Tn = a1 + ((n - 1) - 1)a2 + 1/2((n - 1) - 2)((n - 1) - 1)d2 + (d1)n-1

= a1 + (n - 2)a2 + 1/2(n - 3)(n - 2)d2 + (d1)n-1

= a1 + (n - 2)a2 + 1/2(n - 3)(n - 2)d2 + (a2 + ((n - 1) - 1)d2)

= a1 + (n - 2)a2 + 1/2(n - 3)(n - 2)d2 + (a2 + (n - 2)d2)

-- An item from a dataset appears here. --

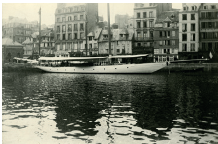
Anonyme, Le Bassin du Roy , 1905, tirage photographie argentique noir et blanc sur papier, 22,1 x 14,7 cm, Le Havre, Archives Municipales 7Fi142, © Archives Municipales du Havre

Beaux-Arts de la ville dès 1892 où il reçoit l'enseignement du peintre Charles Lhullier. Il y rencontre en 1894 Raoul Dufy. En 1897 il obtient une bourse de 1200 francs par an attribuée par la ville du Havre et par le département de la Seine-Inférieure pour étudier à Paris. En 1899, il devient l'élève de Léon Bonnat à l'école nationale des Beaux-Arts. Avec Dufy, il y fait la connaissance de Matisse, Rouault et Camoin, élèves de l'atelier de Gustave Moreau, voisin du leur.

= a1 + (n - 2)a2 + a2 + 1/2(n - 3)(n - 2)d2 + (n - 2)d2

= a1 + (n - 1)a2 + 1/2(n - 3)(n - 2)d2 + (n - 2)d2

= a1 + (n - 1)a2 + (1/2(n - 3) + 1)(n - 2)d2

= a1 + (n - 1)a2 + ((n - 3)/2 + 2/2)(n - 2)d2

= a1 + (n - 1)a2 + (((n - 3) + 2)/2)(n - 2)d2

= a1 + (n - 1)a2 + (((n - 3) + 2)/2)(n - 2)d2

= a1 + (n - 1)a2 + ((n - 1)/2)(n - 2)d2

= a1 + (n - 1)a2 + 1/2(n - 1)(n - 2)d2

= a1 + (n - 1)a2 + 1/2(n - 2)(n - 1)d2

That matches our formula, and hence proves that the formula will hold true for any n if (n - 1) is true. However, we are still missing our base case (n = 1), which is covered in the next subsection.

4.2 Base Case

Plugging in the formula for T1:

T1 = a1 + (n - 1)a2 + 1/2(n - 2)(n - 1)d2

= a1 + (1 - 1)a2 + 1/2(1 - 2)(1 - 1)d2, for n = 1

= a1 + (0)a2 + 1/2(-1)(0)d2, for n = 1

= a1 + 0 + 0

= a1.

Which matches our definition, and hence proves that the formula is true for n = 1. Combining that with the earlier induction step, we get that it is also true for n = 2, n - 1 = 1. Then that also shows that the formula is true for n = 3, n - 1 = 2. This then continues on infinitely, which shows that our formula holds true for any n.

QED.

5. Conclusion

So thats the derivation and proof of the formula for finding the nth term of a sequence with a second difference. Hopefully after reading through all that, you have gained a better understanding of how sequences with 2nd differences work.